A Filtering Algorithm for Maneuvering Target Tracking Based on Smoothing Spline Fitting

1College of Information Science and Technology, Dalian Maritime University, Dalian 116026, China
2Department of Engineering, Faculty of Technology and Science, University of Agder, 4898 Grimstad, Norway

Received 15 October 2013; Revised 14 December 2013; Accepted 20 December 2013; Published 6 February 2014

Academic Editor: Zexu Zhang

Copyright © 2014 Yunfeng Liu et al. This is an open access article distributed under the Creative Commons Attribution License, which permits unrestricted use, distribution, and reproduction in any medium, provided the original work is properly cited.

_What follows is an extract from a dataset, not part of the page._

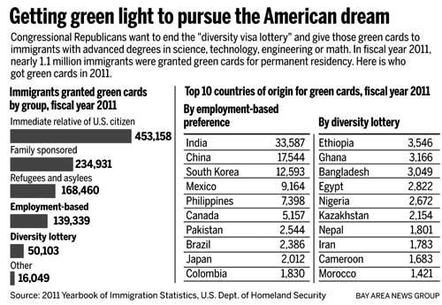 Passage of the visa swap would fulfill a goal of reigning House Republicans to gut the annual "diversity visa lottery," which randomly awards 50,000 green cards for permanent residency to people from countries with low rates of immigration to the United States as long as they have a high school degree.

Maneuvering target tracking is a challenge. Target’s sudden speed or direction changing would make the common filtering tracker divergence. To improve the accuracy of maneuvering target tracking, we propose a tracking algorithm based on spline fitting. Curve fitting, based on historical point trace, reflects the mobility information. The innovation of this paper is assuming that there is no dynamic motion model, and prediction is only based on the curve fitting over the measured data. Monte Carlo simulation results show that, when sea targets are maneuvering, the proposed algorithm has better accuracy than the conventional Kalman filter algorithm and the interactive multiple model filtering algorithm, maintaining simple structure and small amount of storage.